● Source data:
════════

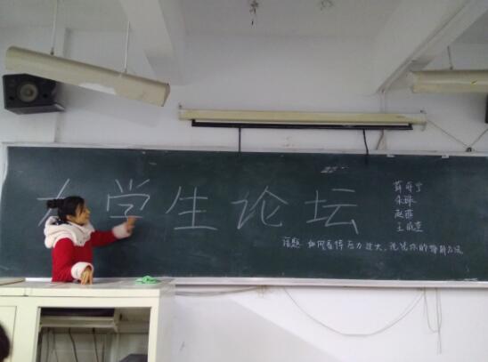 此次论坛由学习委员组织演讲,她向我们说了近几年来类似的案件并与同学讨论了在怎样的环境下会产生这样的压力又该如何减压。同学们踊跃发言讲了自己缓解压力的方法依次列举并从中选出了最有效最快速的缓解压力的方法,例如不要让否定的声音围绕着自己,其实自己还是有很多优点的,在心烦意乱的时候,放下你正在做的事情,听听歌,看看书。
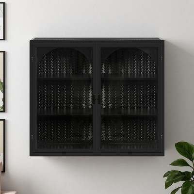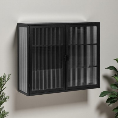 23.62" Iron & Tempered Glass Wall Mounted 2-Door Cabinet with Open Shelf & Towel Rack
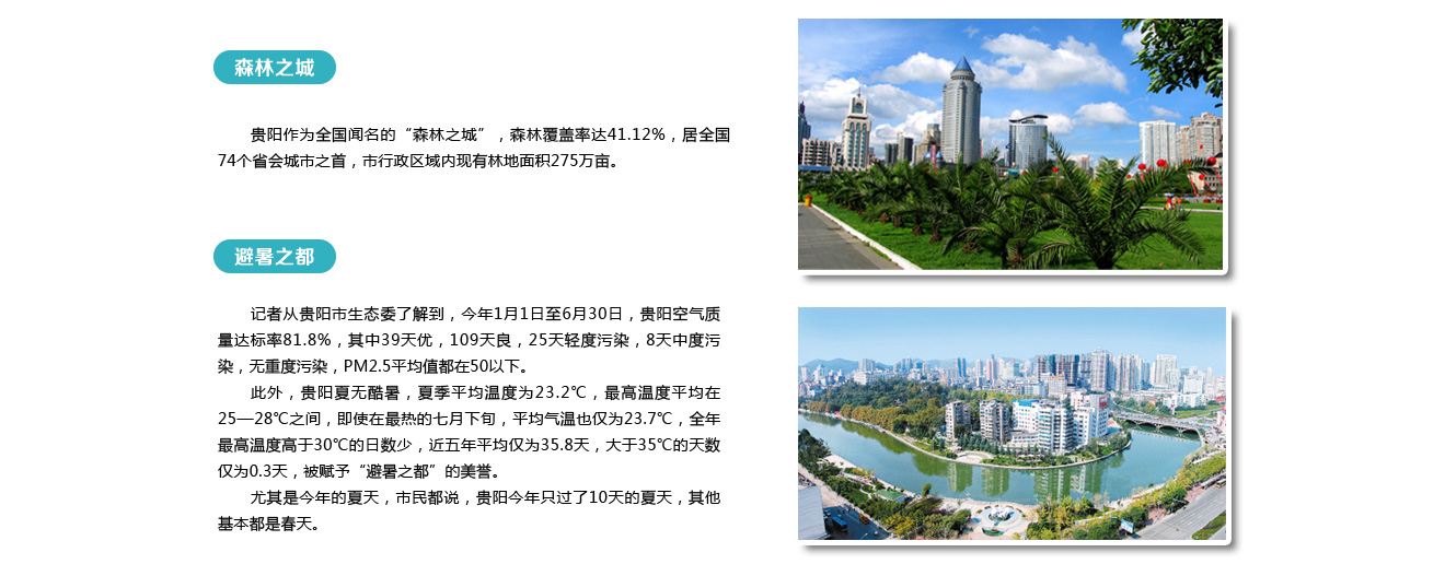 | 作为喀斯特地貌发育典型的地区,贵阳的旅游资源十分丰富,拥有以"山奇、水秀、石美、洞异"为特点的自然景观和人文旅游资源,并将旅游业发展目标定位于"森林之城,休闲胜地",构建以森林旅游、喀斯特生态旅游和民族文化旅游为主体的旅游产品体系,四周分布着省内的12个国家级风景名胜区,19个国家级重点文物保护单位,7个国家级自然保护区和两个历史文化名城,既有红枫湖、开阳峡谷生态公园等以山、水、林、洞为特色的高原自然风光,又有如阳明洞、青岩古镇和息烽集中营旧址等文化内涵极为丰富的人文景观,还有古朴浓郁、多姿多彩的少数民族风情。目前,贵阳市旅游业规模不断扩大,接待能力大为增强,全市旅游产业体系基本形成,迎接着全国各地慕名而来的游客。 |
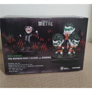 Prepare to enter the twisted world of Dark Knight Metal with the Beast Kingdom Dark Knight Metal Batman Who Laughs & Robins Figure. This new-in-box figure set captures the chilling essence of the Batman Who Laughs, the dark and malevolent version of Batman, along with his faithful and corrupted Robins.
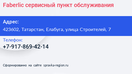 Faberlic, сервисный пункт обслуживания по адресу 423602, Татарстан, Елабуга, улица Строителей, 7 в дальнейшем Организация, размещена в следующих категориях:
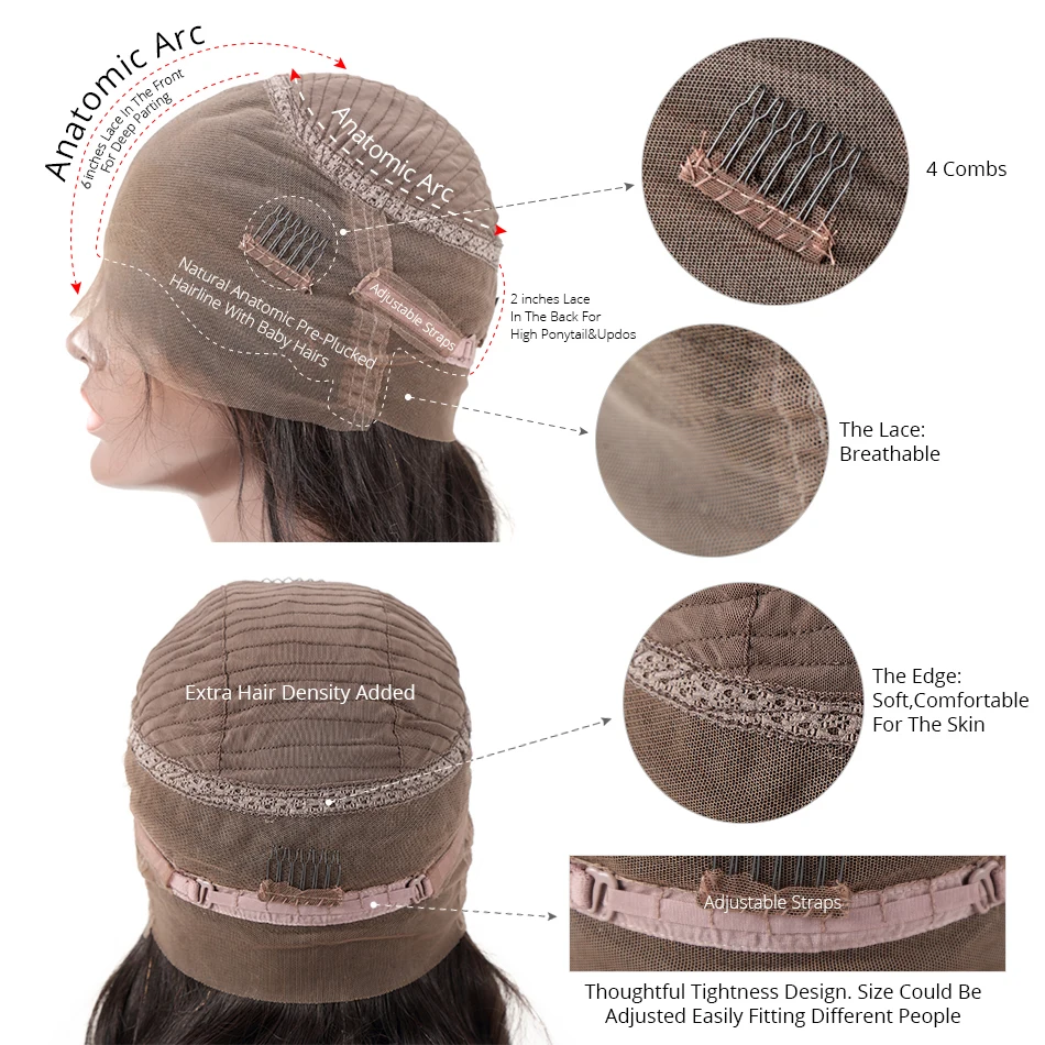 Парик из натуральных волос 13X6 HD без клея, плотность 180 250
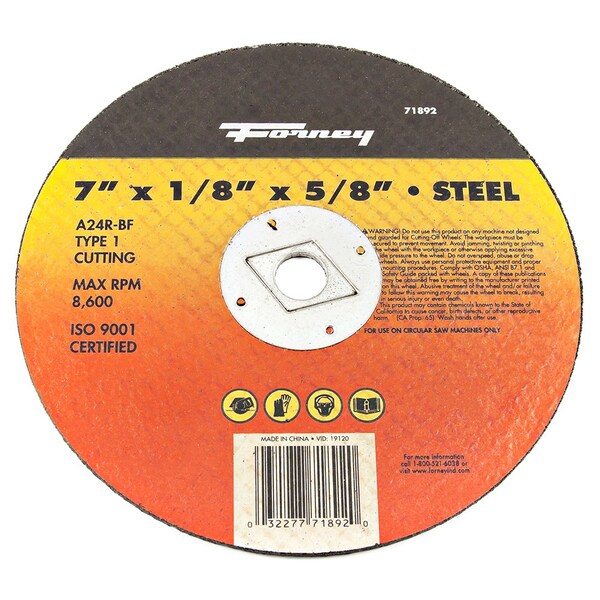 This Forney aluminum oxide steel cutting wheel is ideal for ferrous materials. Itfts engineered for metal cutting, metal abrasion, body work, metal fabrication, and general repair work. Designed to be used on Circular Saws only. Type 1 wheels feature a flat wheel design for metal cutting applications.Product Specifications:* Wheel Size: 7 in* Thickness: 1/8 in* Arbor: 5/8 in* Abrasive Specification: A24R-BF* Abrasive Grain Type: A aluminum oxide* Grit: 24 coarse* Bond Hardness: R medium* Type of Bond: BF resinoid fiberglass reinforced* Maximum Revolutions Per Minute RPM: 8,600* Tool Type: Circular Saws
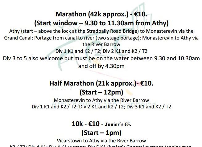 Athy Rowing & Canoeing are running their annual race on Sunday 4th March 2018. This race has 3 different distances courses: Full Marathon: 42k Half Marathon: 21k 10k race All … Continue Reading ARC Canoe Marathon Non Ranking Race Notice

════════

● Problem details:
Only the lines above from the one with "Shelf & Towel Rack" to the one with "Парик из натуральных" should be printed, both included and exactly as written; no picture belongs in the copy.

● Answer space:
 23.62" Iron & Tempered Glass Wall Mounted 2-Door Cabinet with Open Shelf & Towel Rack
 | 作为喀斯特地貌发育典型的地区,贵阳的旅游资源十分丰富,拥有以"山奇、水秀、石美、洞异"为特点的自然景观和人文旅游资源,并将旅游业发展目标定位于"森林之城,休闲胜地",构建以森林旅游、喀斯特生态旅游和民族文化旅游为主体的旅游产品体系,四周分布着省内的12个国家级风景名胜区,19个国家级重点文物保护单位,7个国家级自然保护区和两个历史文化名城,既有红枫湖、开阳峡谷生态公园等以山、水、林、洞为特色的高原自然风光,又有如阳明洞、青岩古镇和息烽集中营旧址等文化内涵极为丰富的人文景观,还有古朴浓郁、多姿多彩的少数民族风情。目前,贵阳市旅游业规模不断扩大,接待能力大为增强,全市旅游产业体系基本形成,迎接着全国各地慕名而来的游客。 |
 Prepare to enter the twisted world of Dark Knight Metal with the Beast Kingdom Dark Knight Metal Batman Who Laughs & Robins Figure. This new-in-box figure set captures the chilling essence of the Batman Who Laughs, the dark and malevolent version of Batman, along with his faithful and corrupted Robins.
 Faberlic, сервисный пункт обслуживания по адресу 423602, Татарстан, Елабуга, улица Строителей, 7 в дальнейшем Организация, размещена в следующих категориях:
 Парик из натуральных волос 13X6 HD без клея, плотность 180 250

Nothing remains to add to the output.